Fig. 6

Zebrafish alx1 mutants (blue) show reduced detectable expression of alx1 but increased expression of alx3, alx4a compared to wild‐type controls (green). alx4b expression levels are similar between wild‐type and alx1^−/− lines. Data are represented as the mean of all pooled embryos from three different clutches. The RT–qPCR relative expression values were normalized to elfa and 18S expression using the ΔΔCT method. Data from each clutch were pooled, and the mathematical mean was calculated. SEM was used to determine the standard error. To test statistical significance, an ANOVA test was performed. A P‐value < 0.05 was considered to be statistically significant. Statistical significance denoted by *; P < 0.0001 between WT zebrafish and alx1^−/− at all measured time points; at 10 ss, 24 hpf and 36 hpf for alx3; and at 24 hpf and 36 hpf for alx4a. Refer to Table EV2 for P‐values.

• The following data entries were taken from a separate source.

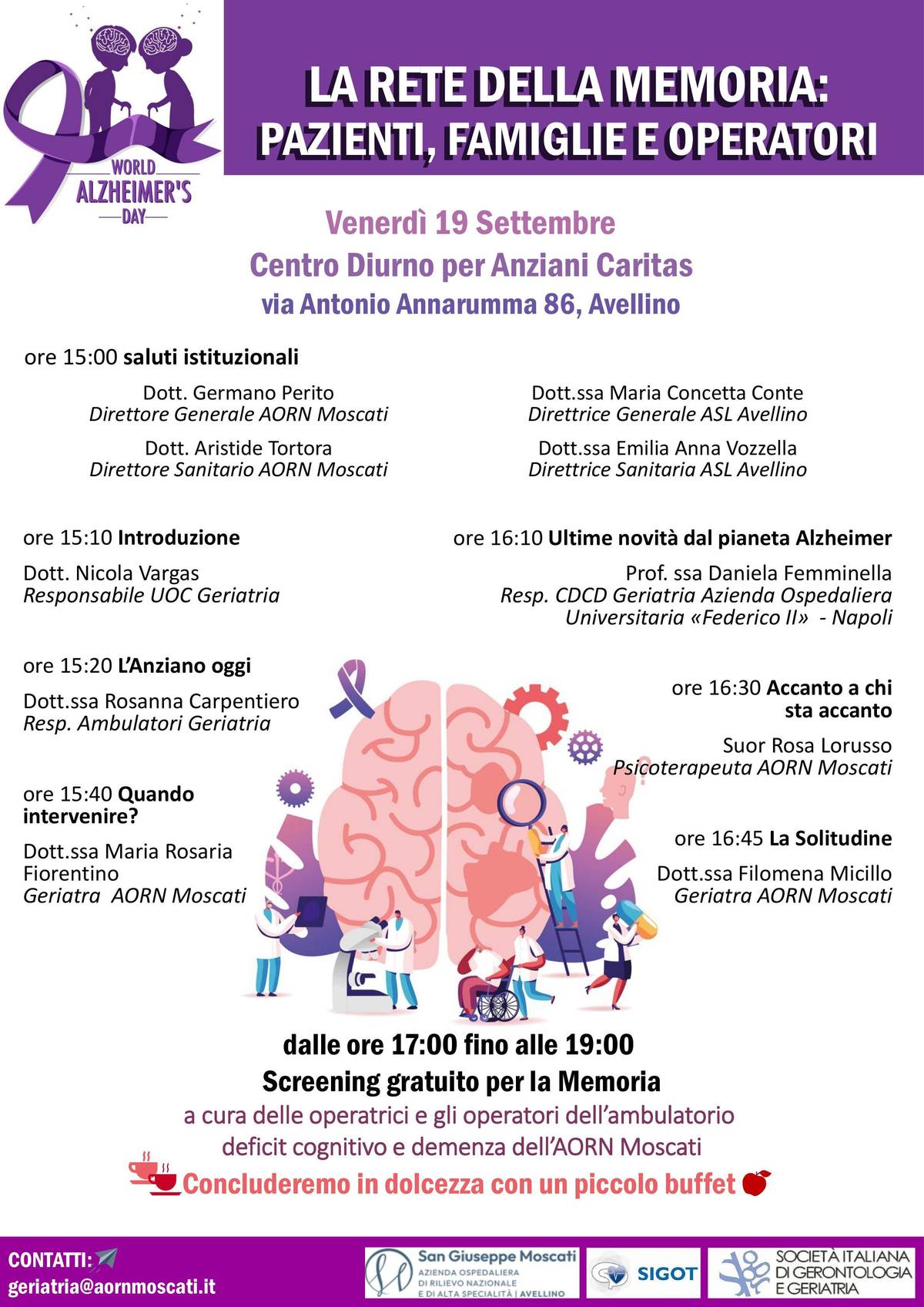 Gli anziani che frequentano il centro saranno accolti dai geriatri dell’Azienda Moscati – tra cui Rosanna Carpentiero, Maria Rosaria Fiorentino e Filomena Micillo – che effettueranno gratuitamente il test della memoria, uno strumento semplice ma fondamentale per la diagnosi precoce delle demenze. Non solo visite: mentre i medici si prenderanno cura degli ospiti, i familiari e i caregiver potranno partecipare a un momento di incontro e di dialogo, per ricevere consigli e informazioni utili sulla gestione quotidiana delle persone fragili. Il momento informativo, introdotto dal presidente del Centro diurno per Anziani, Alfonsina Nazzaro, vedrà gli interventi dei Direttori generali dell’Azienda Moscati e dell’Asl Avellino, rispettivamente Germano Perito e Maria Concetta Conte, e dei Direttori sanitari delle due Aziende, Aristide Tortora ed Emilia Anna Vozzella: un confronto tra i protagonisti della sanità irpina, segno del rinnovato impegno nel costruire una rete di prossimità e di continuità ospedale-territorio, che metta insieme pazienti, famiglie e operatori, offrendo vicinanza, ascolto e qualità delle cure. Al dibattito porteranno la loro esperienza anche Daniela Femminella, responsabile del Centro Disturbi Cognitivi e Demenze dell’Università degli Studi Federico II di Napoli, l’organizzatore dell’evento, Nicola Vargas, e suor Rosa Lorusso, psicoterapeuta dell’Azienda Moscati, che aggiungeranno un contributo scientifico e umano al tempo stesso. Il pomeriggio al Centro diurno per Anziani sarà così un’occasione da un lato per dimostrare che la sanità non si limita a curare, ma va incontro ai bisogni delle persone, portando prevenzione e vicinanza direttamente sul territorio, dall’altro, per conoscere le persone fragili là dove trascorrono parte del loro tempo, circondate da volontari che animano i pomeriggi coinvolgendo gli ospiti in attività sociali, ricreative, in laboratori: momenti relazionali che aiutano a combattere la solitudine e l’isolamento.
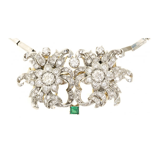 Platino, diamantes talla brillante antigua y 8/8, 3,80 cts y esmeralda talla fantasía, 0,44 cts. Cierres en oro amarillo y gargantilla en oro y oro blanco. 3,8x7 cm. 46,9 gr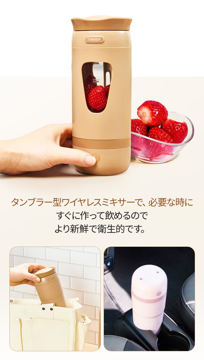 今回のプロジェクトでは、「いつでもどこでも手軽に健康習慣を取り入れてほしい」という想いを込め、TUMIXERの高性能ポータブルタンブラーミキサーを日本の皆さまへお届けします。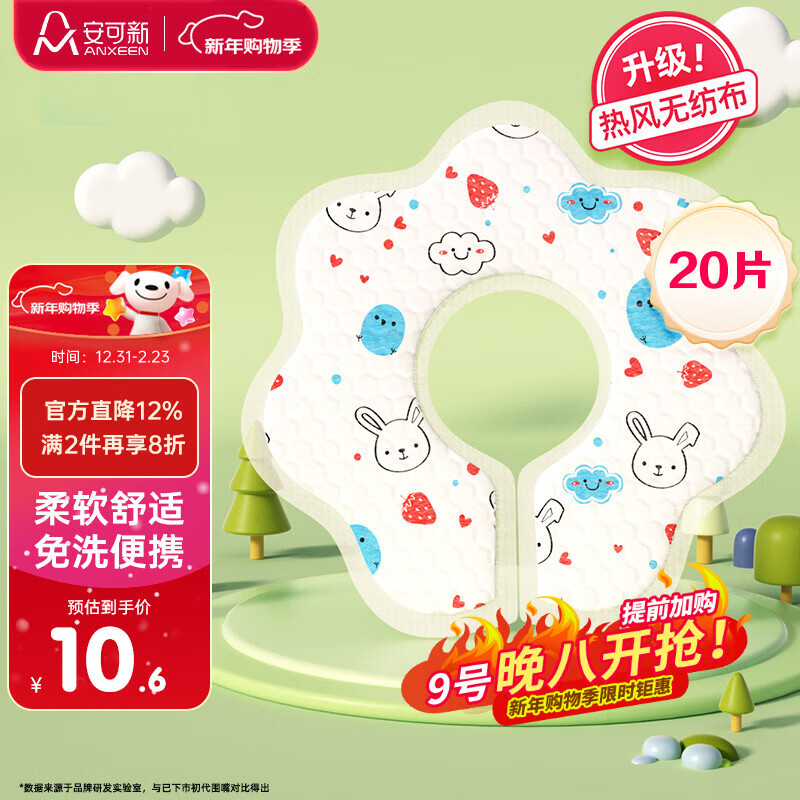 安可新 婴儿一次性口水巾婴幼儿围嘴可旋转免洗围兜独立装兔子款20片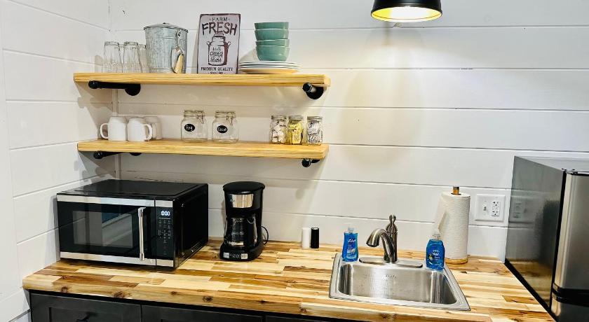 Modern, clean and comfortable. Easy check-in/out, great location downtown; cabin provided everything we needed for a clean and comfortable stay.
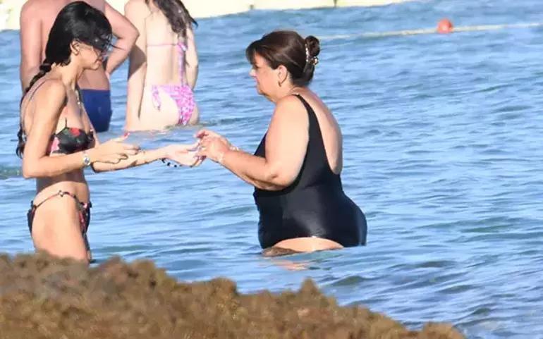 41 yaşındaki moda tasarımcısı, annesi ve oğlu ile birlikte Çeşme'deki Fun Beach'te objektiflere takılmıştı.

Dissected flatmount of zebrafish embryos injected with Alx1DN, after Alcian blue staining. The embryos developed an absence of the frontonasal‐derived median portion of the anterior neurocranium (ANC) and a profound hypoplasia of Meckel's and ventral cartilages. In the most severely affected zebrafish, a nearly abrogated ANC was observed. Scale bar: 200 μm.

Lineage tracing experiments in control and Alx1DN mutant embryos revealed aberrant migration of anterior cranial NCC when alx1 is disrupted. In the control animal, the anterior cranial NCC always migrate to contribute to the median portion of the ANC. In contrast, the anterior cranial NCC labeled in the Alx1DN animals fail to migrate to the median ANC, where the ANC structure is narrower and the labeled cranial NCC are found in an anterior and lateral ectopic location (white asterisks). Scale bar: 250 μm.